SUPPLIED ENTRIES

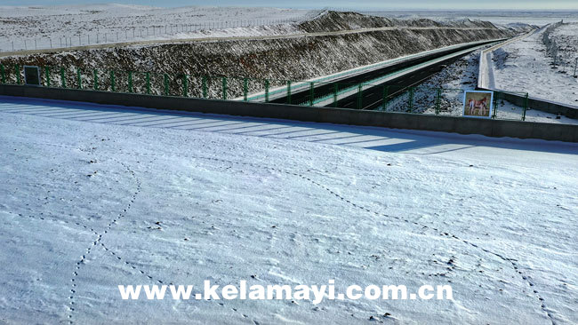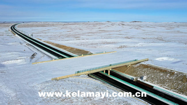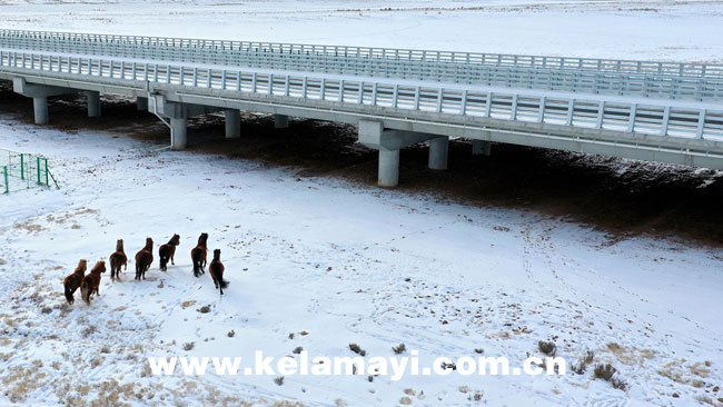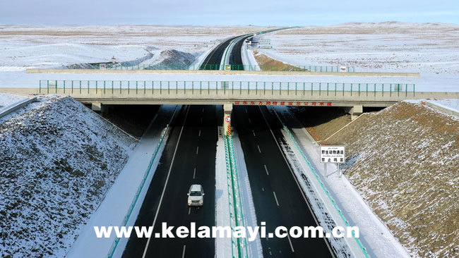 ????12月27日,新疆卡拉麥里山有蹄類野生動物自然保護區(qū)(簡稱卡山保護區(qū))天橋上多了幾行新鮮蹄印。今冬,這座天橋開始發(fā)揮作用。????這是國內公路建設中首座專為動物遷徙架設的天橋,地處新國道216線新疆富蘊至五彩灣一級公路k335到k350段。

* * *

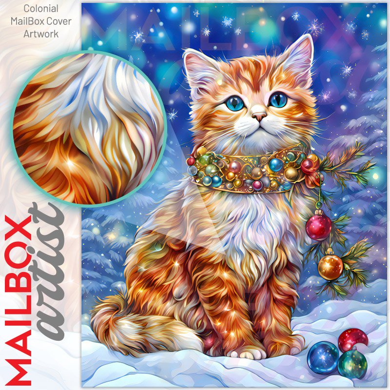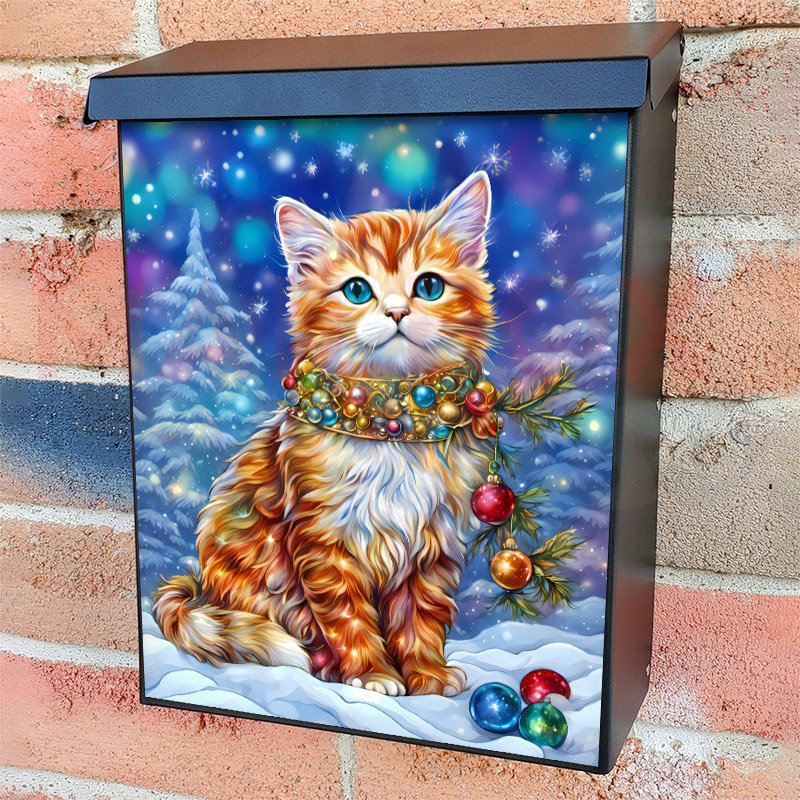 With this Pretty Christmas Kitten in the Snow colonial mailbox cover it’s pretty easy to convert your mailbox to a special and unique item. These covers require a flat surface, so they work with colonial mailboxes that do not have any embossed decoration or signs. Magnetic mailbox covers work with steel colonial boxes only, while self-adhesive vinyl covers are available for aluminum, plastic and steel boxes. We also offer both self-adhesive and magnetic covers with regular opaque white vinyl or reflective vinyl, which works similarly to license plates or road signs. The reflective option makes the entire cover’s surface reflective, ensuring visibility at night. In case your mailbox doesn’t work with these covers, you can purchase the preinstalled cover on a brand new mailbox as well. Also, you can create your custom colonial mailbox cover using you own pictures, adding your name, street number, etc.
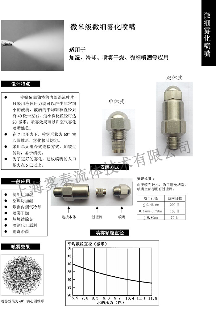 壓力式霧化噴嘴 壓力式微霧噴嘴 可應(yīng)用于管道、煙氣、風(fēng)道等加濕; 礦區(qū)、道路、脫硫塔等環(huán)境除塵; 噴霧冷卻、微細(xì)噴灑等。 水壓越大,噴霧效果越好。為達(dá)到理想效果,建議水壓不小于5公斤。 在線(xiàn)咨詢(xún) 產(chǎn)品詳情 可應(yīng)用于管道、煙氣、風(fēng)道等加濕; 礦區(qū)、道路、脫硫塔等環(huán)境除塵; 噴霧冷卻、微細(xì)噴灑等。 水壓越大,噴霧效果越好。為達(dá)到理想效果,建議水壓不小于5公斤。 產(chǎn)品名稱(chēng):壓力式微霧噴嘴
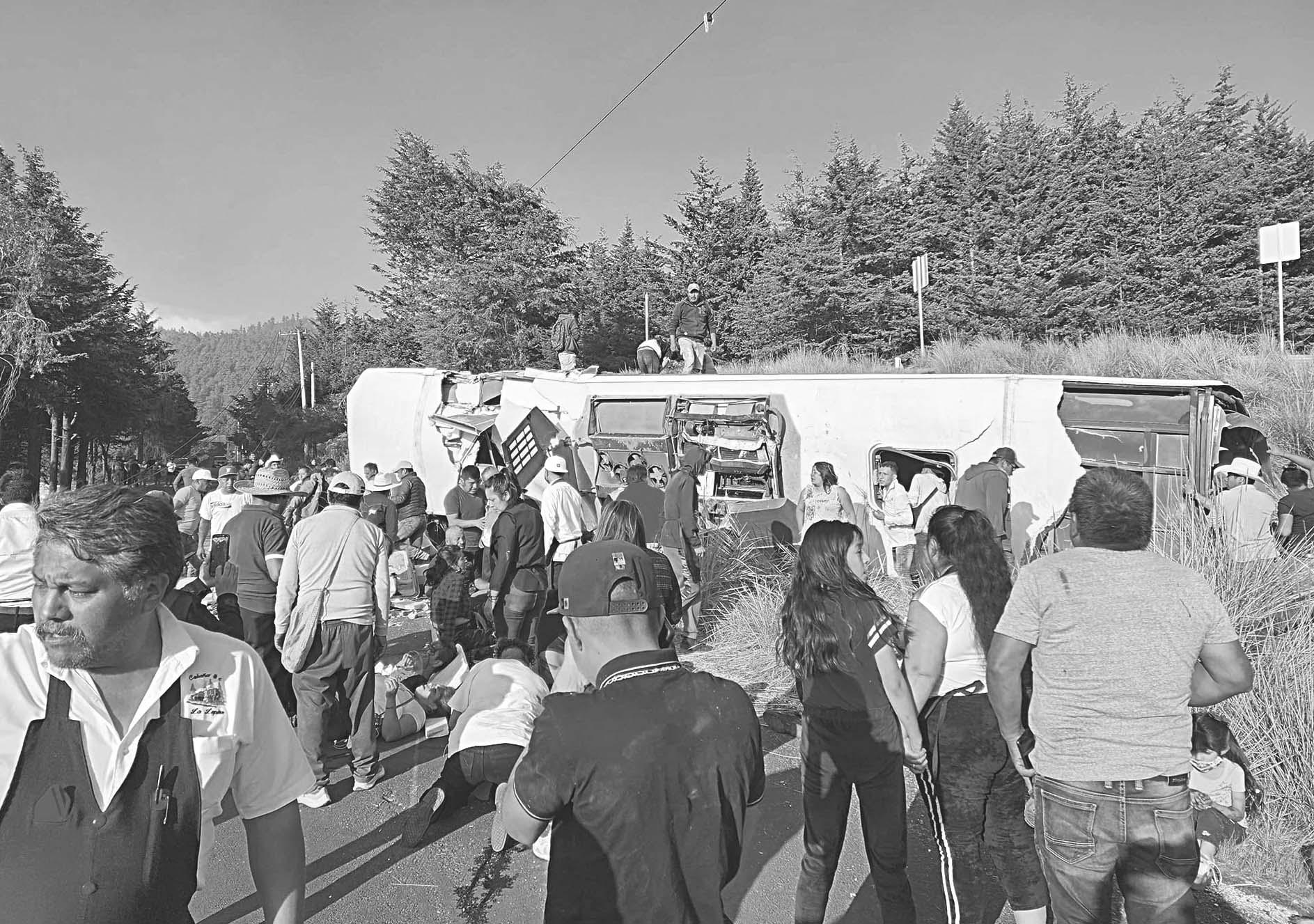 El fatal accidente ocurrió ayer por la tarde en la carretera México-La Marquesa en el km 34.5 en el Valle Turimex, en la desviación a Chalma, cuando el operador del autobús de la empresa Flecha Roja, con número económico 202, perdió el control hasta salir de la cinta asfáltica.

--

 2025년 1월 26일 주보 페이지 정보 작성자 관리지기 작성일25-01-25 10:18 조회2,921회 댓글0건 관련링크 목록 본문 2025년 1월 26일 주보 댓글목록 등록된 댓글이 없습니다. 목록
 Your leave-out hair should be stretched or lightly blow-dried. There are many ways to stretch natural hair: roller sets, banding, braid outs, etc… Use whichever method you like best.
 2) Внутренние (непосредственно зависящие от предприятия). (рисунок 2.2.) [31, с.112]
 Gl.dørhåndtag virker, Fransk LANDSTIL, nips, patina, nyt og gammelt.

EXERCISE DIRECTIONS
Among the lines above, repeat exactly those from the line with "2025년 1월 26일 주보 페이지" to the line with "Your leave-out hair", counting both ends.

TASK OUTPUT
 2025년 1월 26일 주보 페이지 정보 작성자 관리지기 작성일25-01-25 10:18 조회2,921회 댓글0건 관련링크 목록 본문 2025년 1월 26일 주보 댓글목록 등록된 댓글이 없습니다. 목록
 Your leave-out hair should be stretched or lightly blow-dried. There are many ways to stretch natural hair: roller sets, banding, braid outs, etc… Use whichever method you like best.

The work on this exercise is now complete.